-- Opening Marker --
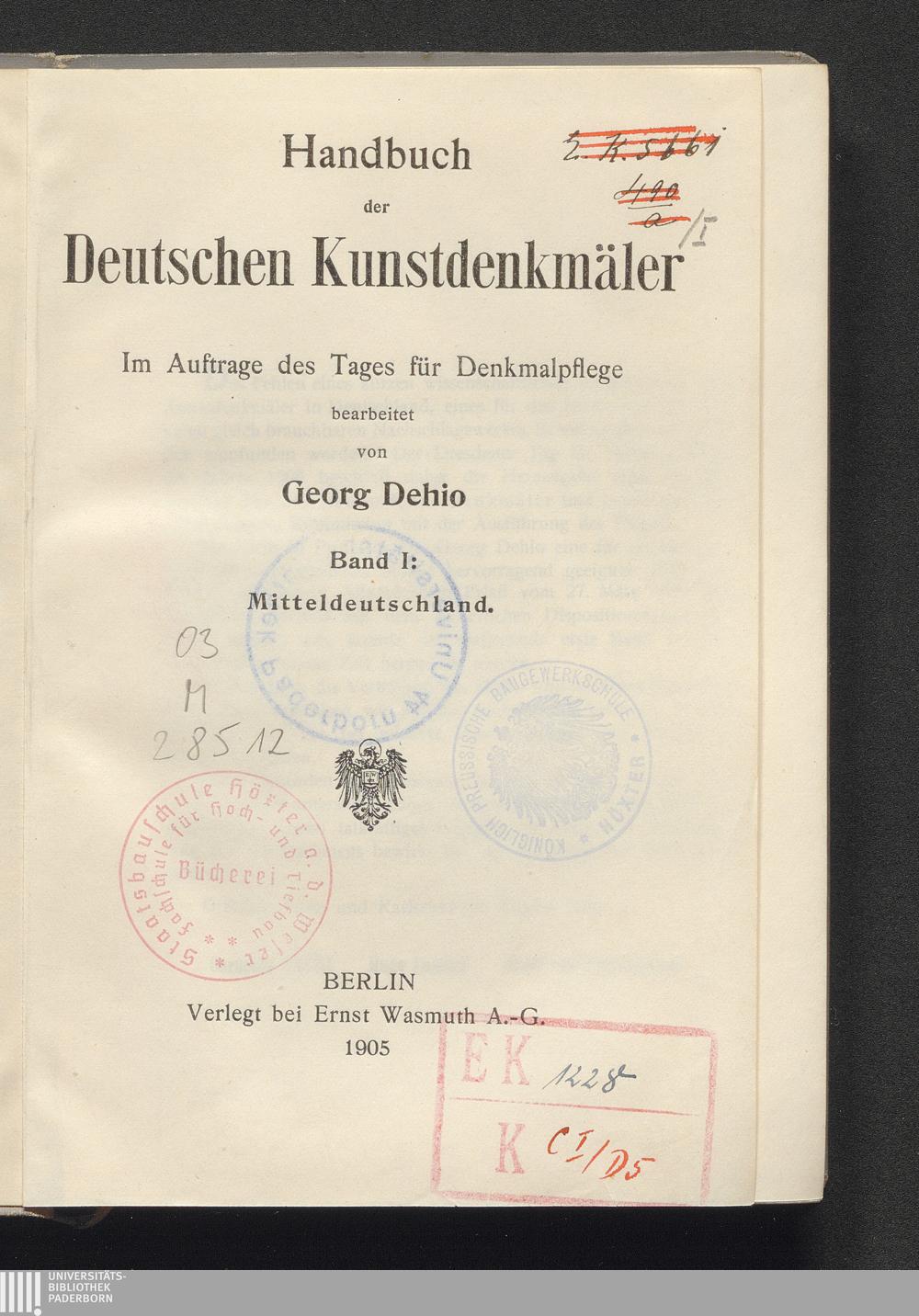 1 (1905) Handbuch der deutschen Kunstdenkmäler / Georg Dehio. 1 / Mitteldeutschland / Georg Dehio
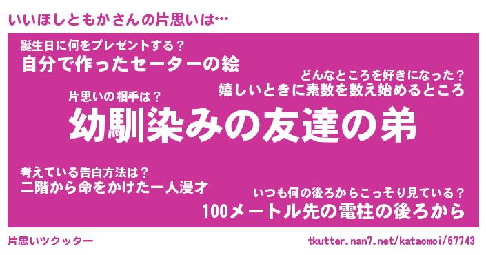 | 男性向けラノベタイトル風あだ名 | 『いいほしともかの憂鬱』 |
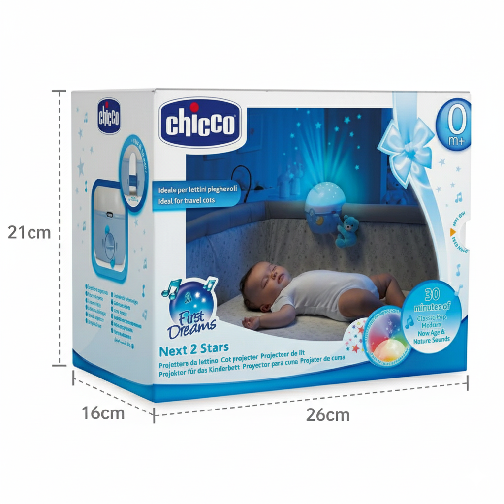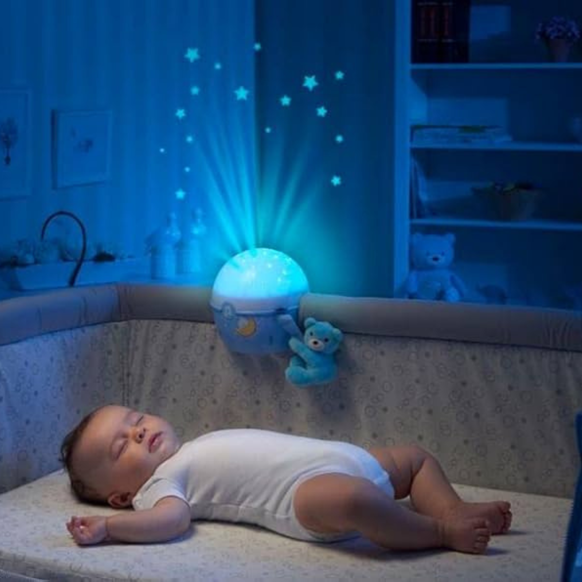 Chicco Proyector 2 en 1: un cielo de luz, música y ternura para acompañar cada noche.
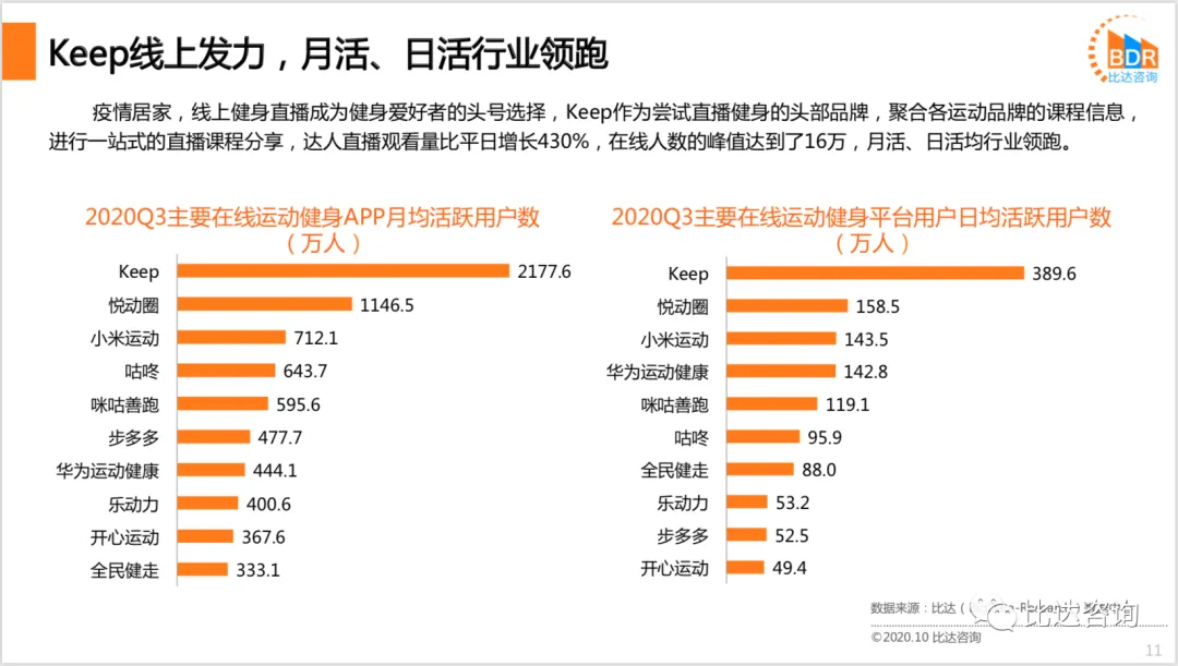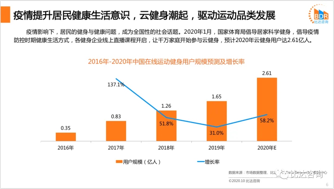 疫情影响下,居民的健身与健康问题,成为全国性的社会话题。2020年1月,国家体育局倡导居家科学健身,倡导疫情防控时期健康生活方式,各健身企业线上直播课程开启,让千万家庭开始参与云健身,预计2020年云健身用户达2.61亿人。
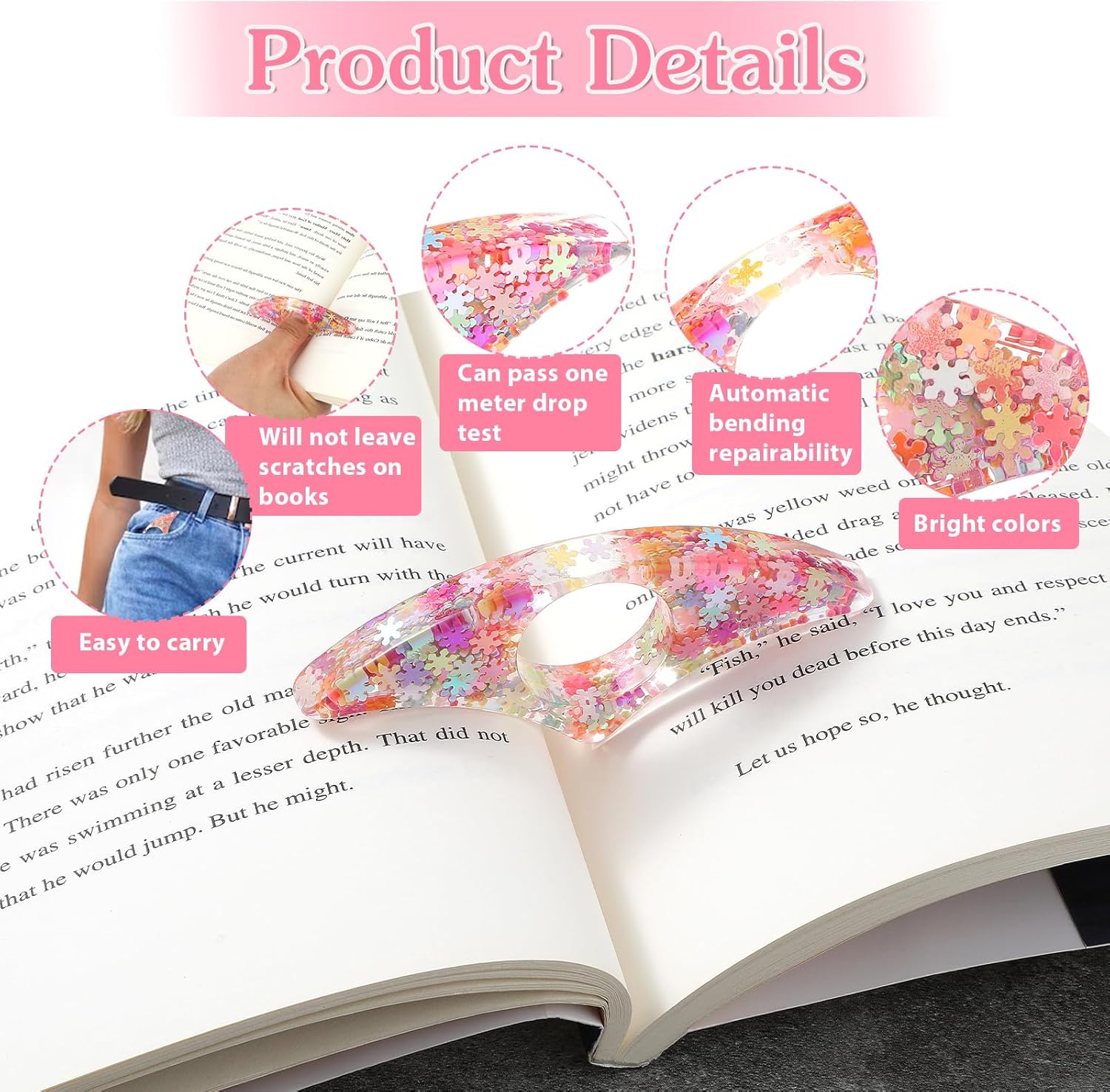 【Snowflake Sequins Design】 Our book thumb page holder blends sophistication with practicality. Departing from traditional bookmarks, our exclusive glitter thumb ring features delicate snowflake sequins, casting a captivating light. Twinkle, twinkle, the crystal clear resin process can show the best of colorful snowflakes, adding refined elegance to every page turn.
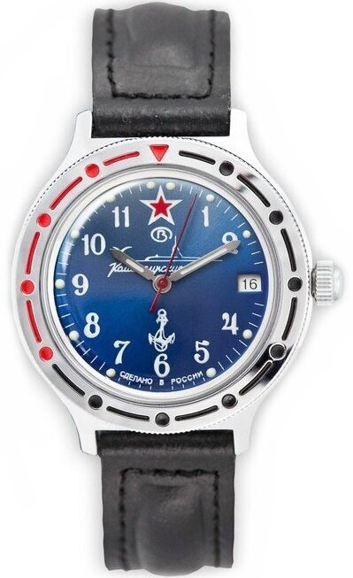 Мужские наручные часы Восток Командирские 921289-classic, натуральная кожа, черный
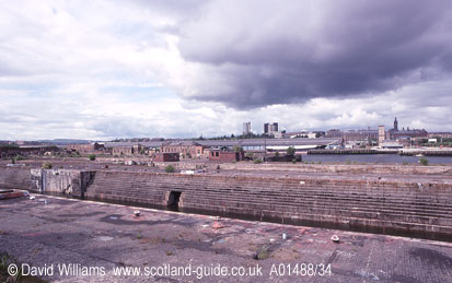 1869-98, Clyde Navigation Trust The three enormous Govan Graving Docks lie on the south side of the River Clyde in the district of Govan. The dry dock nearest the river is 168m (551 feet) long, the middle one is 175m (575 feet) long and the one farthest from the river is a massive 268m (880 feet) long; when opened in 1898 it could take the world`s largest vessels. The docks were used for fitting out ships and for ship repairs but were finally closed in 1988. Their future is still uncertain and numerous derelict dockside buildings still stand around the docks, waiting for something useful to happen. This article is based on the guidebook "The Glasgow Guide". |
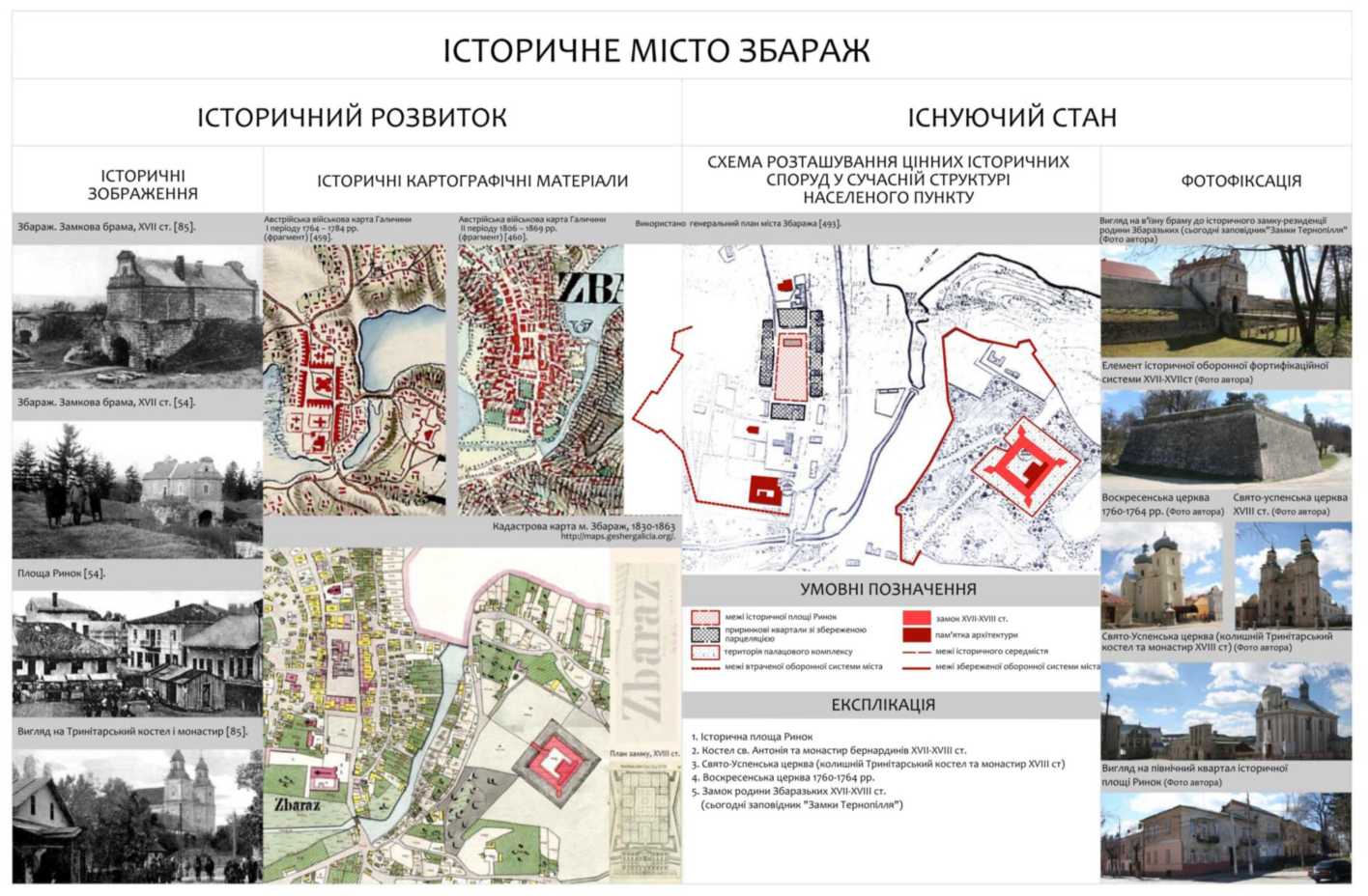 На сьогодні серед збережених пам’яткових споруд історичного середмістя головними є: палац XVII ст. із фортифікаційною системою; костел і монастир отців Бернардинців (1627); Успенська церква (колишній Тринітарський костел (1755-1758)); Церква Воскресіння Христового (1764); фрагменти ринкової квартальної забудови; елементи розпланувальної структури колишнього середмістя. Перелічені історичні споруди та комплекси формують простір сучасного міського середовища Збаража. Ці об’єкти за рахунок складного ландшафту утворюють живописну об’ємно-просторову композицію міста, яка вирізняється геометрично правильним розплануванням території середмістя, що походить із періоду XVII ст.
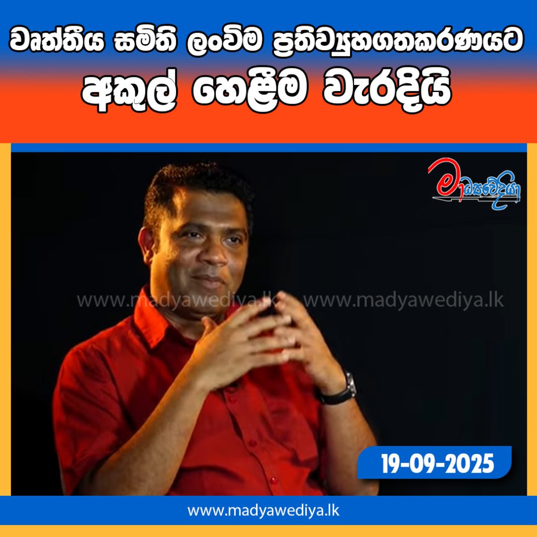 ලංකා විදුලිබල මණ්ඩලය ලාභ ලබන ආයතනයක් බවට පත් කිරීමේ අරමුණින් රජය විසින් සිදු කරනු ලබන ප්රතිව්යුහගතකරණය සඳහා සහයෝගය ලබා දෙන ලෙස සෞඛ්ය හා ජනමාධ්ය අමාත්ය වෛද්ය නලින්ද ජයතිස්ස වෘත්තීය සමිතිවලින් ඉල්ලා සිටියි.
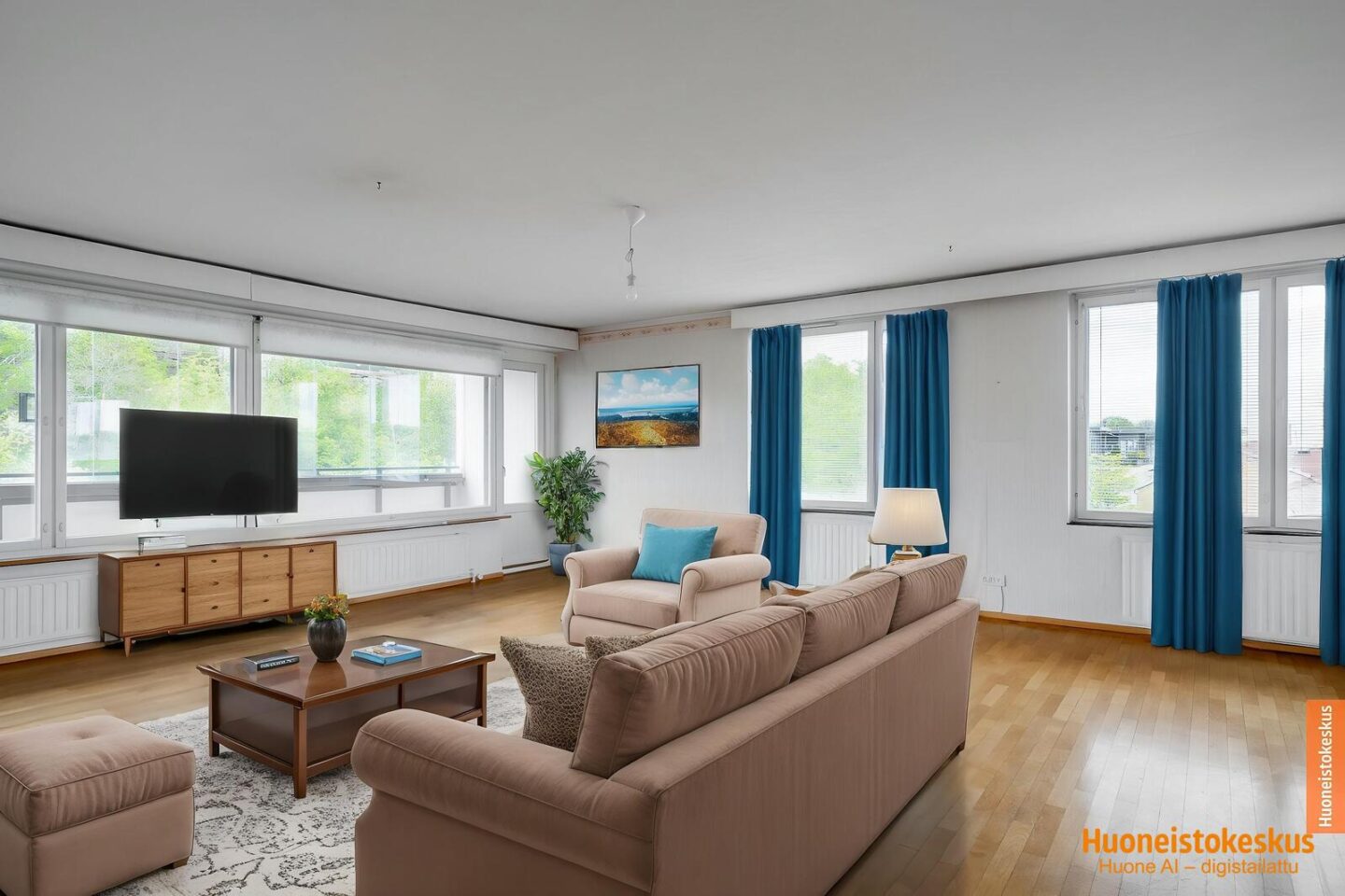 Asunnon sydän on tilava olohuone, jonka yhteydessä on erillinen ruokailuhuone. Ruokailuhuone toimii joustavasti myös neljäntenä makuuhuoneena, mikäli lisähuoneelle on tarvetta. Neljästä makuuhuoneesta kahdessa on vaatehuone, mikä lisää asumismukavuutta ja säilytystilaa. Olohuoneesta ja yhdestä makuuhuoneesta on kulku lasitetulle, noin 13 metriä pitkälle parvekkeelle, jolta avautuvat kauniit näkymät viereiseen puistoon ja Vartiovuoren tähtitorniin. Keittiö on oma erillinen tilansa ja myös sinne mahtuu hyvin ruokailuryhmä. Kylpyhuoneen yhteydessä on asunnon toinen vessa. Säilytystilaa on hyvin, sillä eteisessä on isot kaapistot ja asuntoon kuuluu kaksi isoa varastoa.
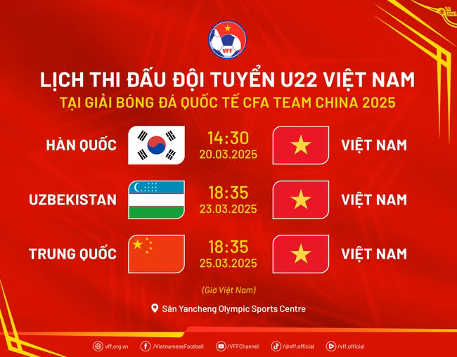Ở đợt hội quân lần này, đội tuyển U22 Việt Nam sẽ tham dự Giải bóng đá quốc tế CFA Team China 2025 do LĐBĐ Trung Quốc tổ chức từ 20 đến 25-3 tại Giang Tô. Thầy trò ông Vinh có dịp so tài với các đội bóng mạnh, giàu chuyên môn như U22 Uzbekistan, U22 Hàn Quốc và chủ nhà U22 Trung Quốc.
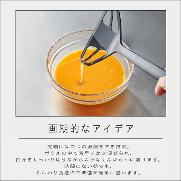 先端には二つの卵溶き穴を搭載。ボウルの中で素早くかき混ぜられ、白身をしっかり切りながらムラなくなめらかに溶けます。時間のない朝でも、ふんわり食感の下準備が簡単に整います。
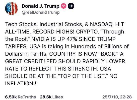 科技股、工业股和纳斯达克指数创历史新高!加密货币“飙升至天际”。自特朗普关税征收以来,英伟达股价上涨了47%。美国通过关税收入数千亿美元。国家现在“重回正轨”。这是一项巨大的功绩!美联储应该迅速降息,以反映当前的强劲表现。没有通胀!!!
-- Closing Marker --
Pictures are not part of the copy. Extract exactly the lines from the line containing "先端には二つの卵溶き穴を搭載" through the final line of the entries above, both included.

### RESULT FOR THIS EXERCISE
 先端には二つの卵溶き穴を搭載。ボウルの中で素早くかき混ぜられ、白身をしっかり切りながらムラなくなめらかに溶けます。時間のない朝でも、ふんわり食感の下準備が簡単に整います。
 科技股、工业股和纳斯达克指数创历史新高!加密货币“飙升至天际”。自特朗普关税征收以来,英伟达股价上涨了47%。美国通过关税收入数千亿美元。国家现在“重回正轨”。这是一项巨大的功绩!美联储应该迅速降息,以反映当前的强劲表现。没有通胀!!!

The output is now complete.